Vivien Lash analyses the legacy of Alexander McQueen, the fat boy who conquered the fashion world, then went back to his closet to kill himself.
“There is no way back for me now,” are the last words written on the wall at the exit of the Savage Beauty show at London’s V&A. But the exhibit is a celebration, not a suicide note.
The show opens with McQueen talking exuberantly about his hometown of London, his dirty laugh echoing around the gallery. “You have to understand tradition to subvert it,” he says, and the clothes on display show his talent for cutting. Scissors are sexy when they’re slicing something like a dress made of hair.
The highlight of Savage Beauty is a hologram of Kate Moss, in a room of her own, dancing on air in a feathery white wedding dress from the Widows of Culloden collection of 2006. If I were locked in the V&A overnight, as McQueen fantasized, I’d steal this dress and do a Liz Taylor by marrying Mr. Lash again, for the sole purpose of being a McQueen bride.
There’s nothing savage about the beauty of Kate’s performance as she’s transformed from a mesmerizing Miss Havisham into shooting stars, to the music of Schindler’s List — possibly a perverse skeleton-chic reference, or just a haunting melody. And when it ends, Kate’s glass cage turns into a mirror, so you can confirm you’re still the thinnest of them all.
The writing on the wall could be a message to middle-aged Kate Moss, who wore a see-through lace onesie to the launch of Savage Beauty.
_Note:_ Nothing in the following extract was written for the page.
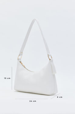 Shanta Beyaz D05 Fermuarlı Suni Deri Günlük Kadın El ve Omuz Baget Çantası U:15 E:24 G:9
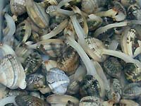 | 3月18日 晴のち曇 | タケさん カメさん 私の3名 10:30-12:00 久津間海岸 | 私のサイトを見てメールをくれたカメさんが意外なほどご近所だったので、潮干狩りにお誘いする。子供の頃やっただけでほぼ初体験とか。タケさんも加わり3名で初潮干狩。本当は明日の予定だったが天気が悪そうなので、急遽変更して土曜日に。しかし、ザクザクと掘れますね。ハマグリばかりで私は閉口したがハマグリ好きもいるらしく、私が捨ててるそばから拾っている人もいたり、、(^^;) 今日はたくさん掘ろうと最初から2名分を買って入場。2時間で粒よりアサリ4kgを集めて撤収。タケさん3kg、カメさんどんなに選別しても5kg以下に出来ず大量にお持ち帰り。この時期は水温もそう温かくないので、貝も元気なままで帰宅するので、暗くすると元気いっぱい。 |

The pleasure and distress of seeing Mossie looking fatsies made my Schadenfreude day. Lace is so Joan Collins modeling for a catalog, or Liz Hurley looking like a nun on the pull at a racetrack. If there’s no glamour to it, take a hammer to it.
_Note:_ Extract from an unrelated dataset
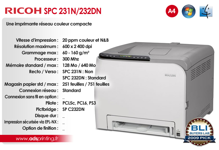 SPC 231N / 232DN Une imprimante réseau couleur compacte
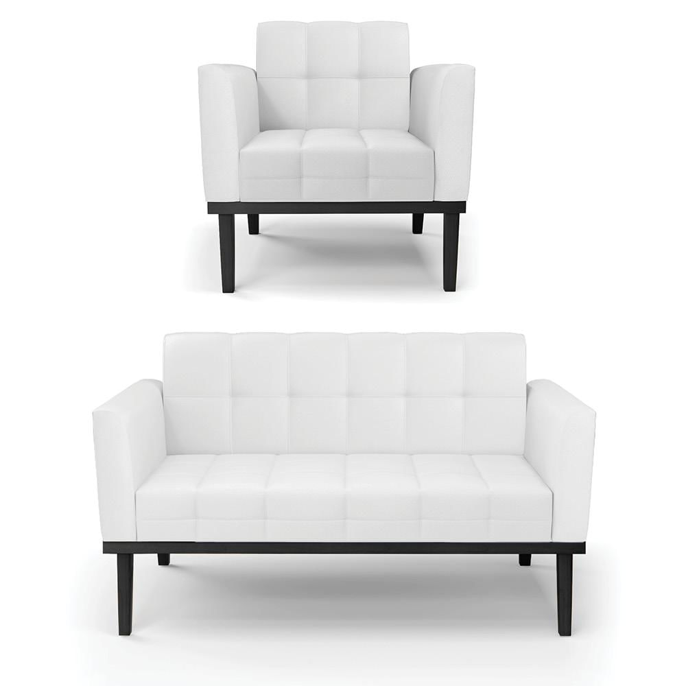Conjunto Poltrona e Namoradeira Decorativa Karen Pés Fixo em Madeira Preto PU Branco G19 - Gran Belo

McQueen, the fat boy who conquered the fashion world, became bigger than the Cool Britannia backdrop that launched a million bumsters. My Street Boyfriend hasn’t heard of Alexander the Great, but ass-flash trousers, born the same year as him, were his school uniform. They’re the best fashion joke since a 15-year-old Lee McQueen, still an apprentice tailor, allegedly stitched ‘cunt’ into the lining of Prince Charles’ Savile Row suits. Previously known in England as builder’s bum, slouchy-ass trousers were worn by working-class men whose bellies were bigger than their hips. Lee had to be laughing when he turned this waistline into a world-dominating fashion.
The pressure of success, and McQueen’s appointment at Givenchy as head designer, meant the shows just went on and on and on. The last thing genius needs is a deadline, never mind a treadmill.
The pressure of success can become the fear of failure and a feeling that everyone’s waiting for you to fall. And there’s Henry VIII syndrome — wanting something you can’t have, then when you get it you don’t want it anymore. But wives are easier to discard than fame.
Most choices can be reversed or even erased. The old boyfriend you don’t love anymore can be deleted from your phone. The overpriced handbag can be returned or eBayed. Marriage can be rubbed out with divorce. Even children can be ignored. But death, that’s out of your hands. You don’t know when it is going to happen, unless you are scheduled for a trip to the electric chair.
Suicide, however, is an irrevocable choice. McQueen — and what a great name for a gay designer that is — cracked his last joke by going back into the closet to kill himself. He took an overdose and slashed his wrist before hanging himself with his favorite brown belt. While his death doesn’t make his clothes better, it limits his work to what’s already been produced.
Once in real life I saw the tarnished angel in, of all places, a grocery store near his Mayfair apartment. I almost smiled at him before resuming my too-cool-to-stare pose. I was wearing Mr. Lash’s early period Dirk Bogarde raincoat with biker boots (my own) and a yellow silk shirt stitched in Delhi with fabric from Shanghai. Only the Empress is allowed to wear yellow — not that anybody else wants to, at least not in London when it’s raining. He scrutinized me with his pale-blue camera eyes; maybe he thought I was a banana on the run from the fruit counter.
Another fashion car crash, John Galliano is making a tentative return to what he does best in the theater of materializing our souls. But survival isn’t celebrated in a culture with a death wish. There may be happy geniuses, just not famous ones. He who has never been drunk and said something inappropriate cast the first stone at sacked Saint John. Thank God my aunt Moral Mary has had her throwing arm amputated.
The ladies from the Home Counties come and go, queuing at the V&A to genuflect to Alexander the Great. Success doesn’t guarantee happiness; neither does failure. And when you dream, it’s a form of mourning for all the clothes you will never even be able to imagine. Like McQueen said, “I’m going to take you on journeys you never dreamed possible.”
But of course this isn’t really The End. The sold-out show is a continuation of his canonization.